Saved data entries:
+ + + + + + +
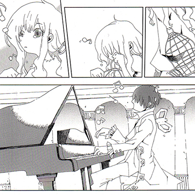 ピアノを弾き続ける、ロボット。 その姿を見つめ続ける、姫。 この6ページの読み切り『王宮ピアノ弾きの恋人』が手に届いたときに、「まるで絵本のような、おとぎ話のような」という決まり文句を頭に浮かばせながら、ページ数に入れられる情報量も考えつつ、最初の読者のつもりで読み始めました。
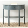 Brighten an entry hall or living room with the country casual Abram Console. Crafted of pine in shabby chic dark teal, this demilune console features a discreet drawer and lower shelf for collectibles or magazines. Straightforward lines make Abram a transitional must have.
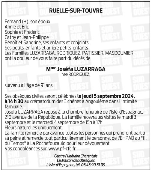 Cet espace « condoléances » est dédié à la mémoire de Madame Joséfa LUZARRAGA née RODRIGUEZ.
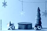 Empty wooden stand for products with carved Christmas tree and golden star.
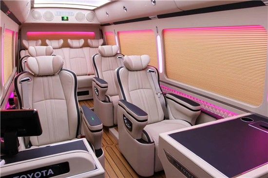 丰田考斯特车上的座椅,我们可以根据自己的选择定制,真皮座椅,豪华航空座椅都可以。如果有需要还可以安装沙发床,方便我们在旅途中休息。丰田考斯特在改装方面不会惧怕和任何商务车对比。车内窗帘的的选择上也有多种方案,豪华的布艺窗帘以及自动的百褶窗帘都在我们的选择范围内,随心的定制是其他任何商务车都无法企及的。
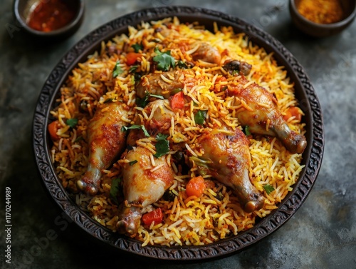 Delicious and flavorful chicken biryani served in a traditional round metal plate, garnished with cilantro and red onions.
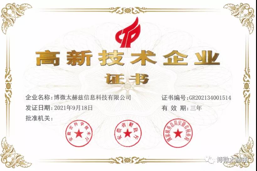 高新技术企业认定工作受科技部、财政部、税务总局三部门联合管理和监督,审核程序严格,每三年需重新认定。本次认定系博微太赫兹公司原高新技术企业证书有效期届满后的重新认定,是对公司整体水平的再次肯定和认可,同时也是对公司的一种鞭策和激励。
+ + + + + + +
- _YOUR OBJECTIVE_
Please write out, exactly, every line from the line with "LUZARRAGA née RODRIGUEZ." through the final line of the data above, leaving out pictures.

- _WRITTEN ANSWER_
 Cet espace « condoléances » est dédié à la mémoire de Madame Joséfa LUZARRAGA née RODRIGUEZ.
 Empty wooden stand for products with carved Christmas tree and golden star.
 丰田考斯特车上的座椅,我们可以根据自己的选择定制,真皮座椅,豪华航空座椅都可以。如果有需要还可以安装沙发床,方便我们在旅途中休息。丰田考斯特在改装方面不会惧怕和任何商务车对比。车内窗帘的的选择上也有多种方案,豪华的布艺窗帘以及自动的百褶窗帘都在我们的选择范围内,随心的定制是其他任何商务车都无法企及的。
 Delicious and flavorful chicken biryani served in a traditional round metal plate, garnished with cilantro and red onions.
 高新技术企业认定工作受科技部、财政部、税务总局三部门联合管理和监督,审核程序严格,每三年需重新认定。本次认定系博微太赫兹公司原高新技术企业证书有效期届满后的重新认定,是对公司整体水平的再次肯定和认可,同时也是对公司的一种鞭策和激励。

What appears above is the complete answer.